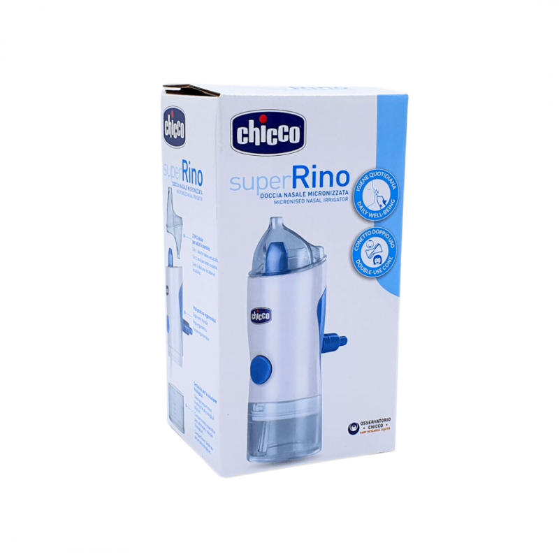 Chicco Super Rino Doccia Nasale Igienizzante è un prodotto per la prevenzione e la pulizia delle cavità nasale e delle vie respiratorie dei più piccoli. Il prodotto assicura la massima pulizia e igienizzazione delle vie aeree prevendo qualsiasi tipo di infezione e infiammazione. Particolarmente indicato nella pulizia da muco per i piccoli che ancora non sanno soffiare il naso. Rimuove le secrezioni nasali idratando le mucose.
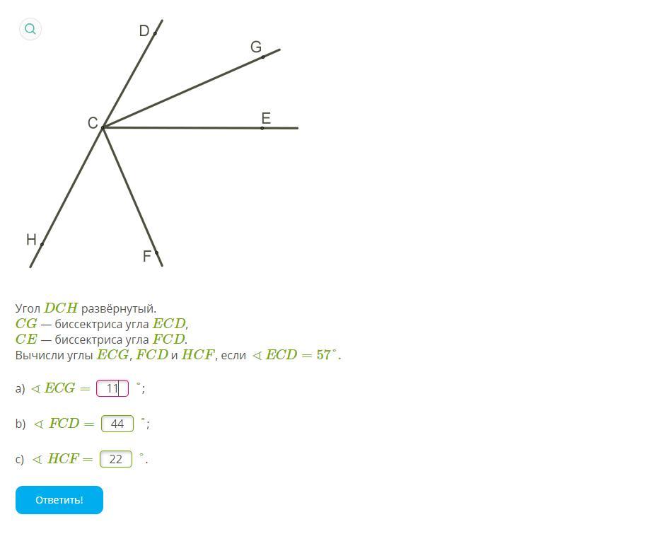 Вычисли углы ECG, FCD и HCF, если ∢ECD=57°
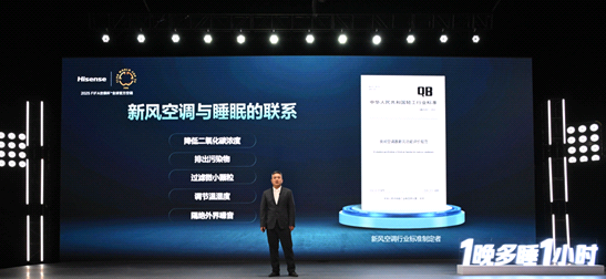 在發布會上,吳海濤指出,海信新風空調憑借其高效清除甲醛、TVOC等污染物,降低二氧化碳濃度以及智能維持濕度區間的能力,為改善睡眠質量帶來了新契機。它無需開窗即可持續增氧換氣,從根本上解決了憋悶和干燥問題,為用戶打造健康舒適的睡眠空間。
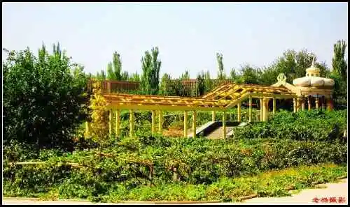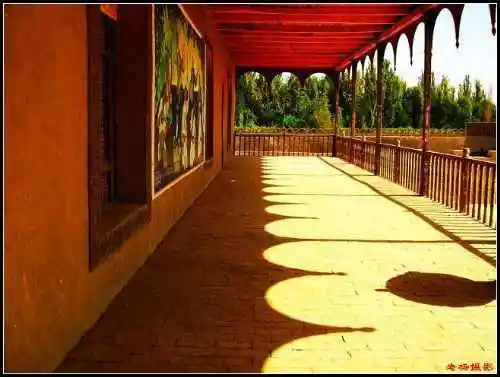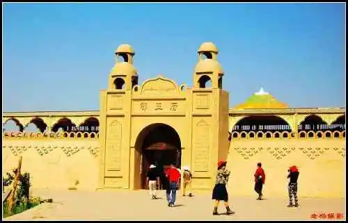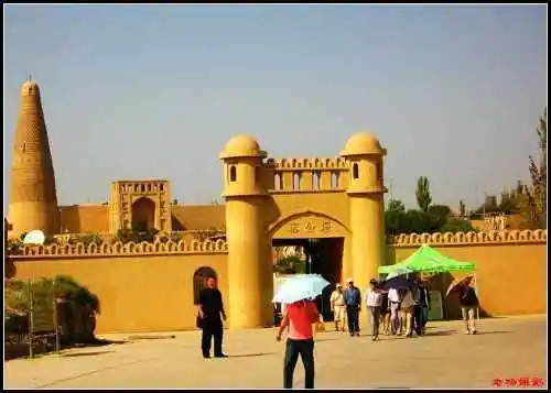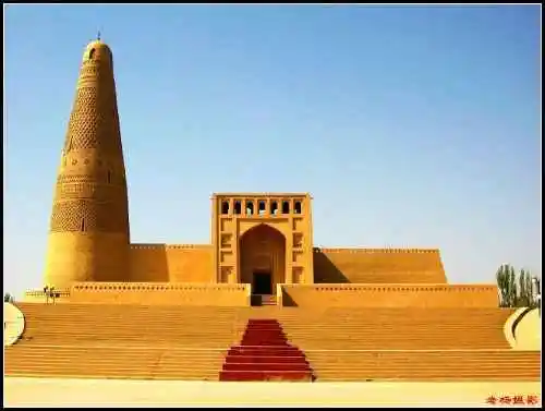 苏公塔又称额敏塔,位于吐鲁番市东郊2公里的木纳村,一座造型新颖别致的古塔,它是新疆境内现存最大的古塔,全部用青灰色砖建成。高44米,塔基直径为10米,塔身下大上小,呈园锥形。塔身周围不同方向和高度,设有14个窗口。塔的表面分层砌出三角纹、四瓣花纹、水波纹、菱格纹等15种几何图案,具有浓厚的少数民族建筑风格。更妙的是塔的内部结构,不用一根木料,而是在塔的中心用砖砌出72级螺旋式阶梯当作中心柱体,既代替木结构支撑加固了塔身,又可作梯攀登通达塔顶,这是木材奇缺的吐鲁番维吾尔族建筑大师们创造的具有少数民族建筑风格的艺术珍品。距苏公塔不远是郡王府。郡王府大门及院墙造型别具一格,具有浓郁的少数民族风格,院内、前后宫殿共有大小房间数十间,天棚、拱廊、楼梯、栏杆和檐口用典型的维吾尔民族工艺进行雕刻,配以石膏花饰,极具民族风味。
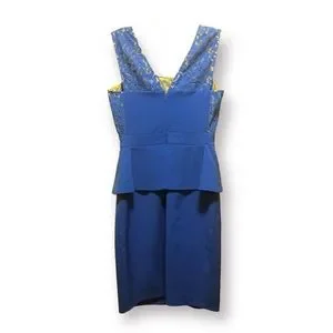 Gianni Bini Blue Peplum Cocktail Dress with Lace Detail
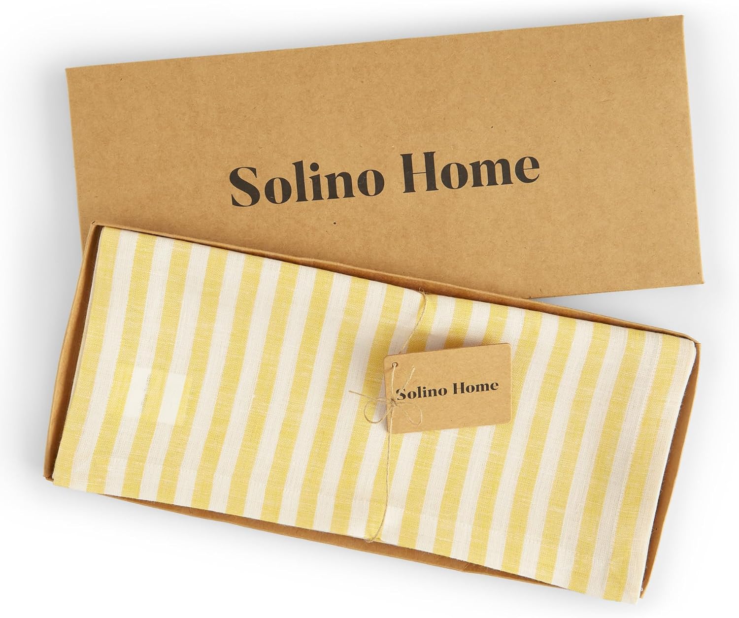 Solino Home Linen Table Runner 120 Inches Long - Amalfi Stripe, 100% Pure Linen Primrose Yellow and White Table Runner 14 x 120 Inch for Dining
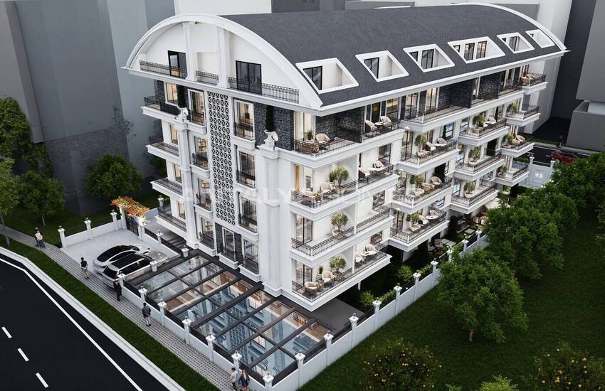 Cet appartements à vendre à Alanya se situe à 40 km de l'aéroport de Gazipașa, à 4,4 km du centre commercial Alanyum, à 2 km du château d'Alanya, à 250 m des commerces, pharmacies, hôpitaux, écoles et bazars, et à 200 m de la plage de Cléopâtre.
####
# [Exercise aim]
When the line containing "Solino Home Linen" has been located, retype it and each line after it through the end of the records, excluding the pictures and adding nothing else.

# [Solution to this exercise]
 Solino Home Linen Table Runner 120 Inches Long - Amalfi Stripe, 100% Pure Linen Primrose Yellow and White Table Runner 14 x 120 Inch for Dining
 Cet appartements à vendre à Alanya se situe à 40 km de l'aéroport de Gazipașa, à 4,4 km du centre commercial Alanyum, à 2 km du château d'Alanya, à 250 m des commerces, pharmacies, hôpitaux, écoles et bazars, et à 200 m de la plage de Cléopâtre.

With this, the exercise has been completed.